After a long plane flight with a connection in Denver, Clarence walked into the Chicago Ritz around six o’clock, feeling more like a tourist than a customer. It dripped with class. He couldn’t help but feel a little self-important walking around here. He was wearing his best suit, a Nick Hilton, and Alden shoes, usually reserved for only the most important occasions.

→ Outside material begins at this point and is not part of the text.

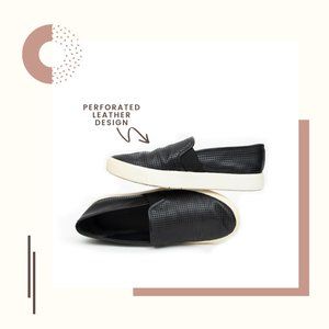 A casual slip on shoes elevated with its leather exterior, white soles and perforated upper texture. This Vince pair of slip ons are the easy choice for the in the go mothers and hard workers who rightfully cannot be bothered to tie their shoes. It has a stretchy material for ease of use. In great used condition. Soles are in good used condition.

But here, just walking in the front door was important.
The bellhop, a young black man, led the way to his room. Clarence looked at the sculptures and artwork all around him. Even the ashtrays looked straight out of an art gallery. He tipped the bellhop and wandered around his room. Incredible. A mammoth king-sized bed, a lavish flower arrangement and fruit basket, and a personal note of welcome from Mr. Sam Knight, Raylon’s friend. A bar, a kitchen, a living room with beautiful sofa, two TVs. Geneva would love it here. Why hadn’t he thought to invite her?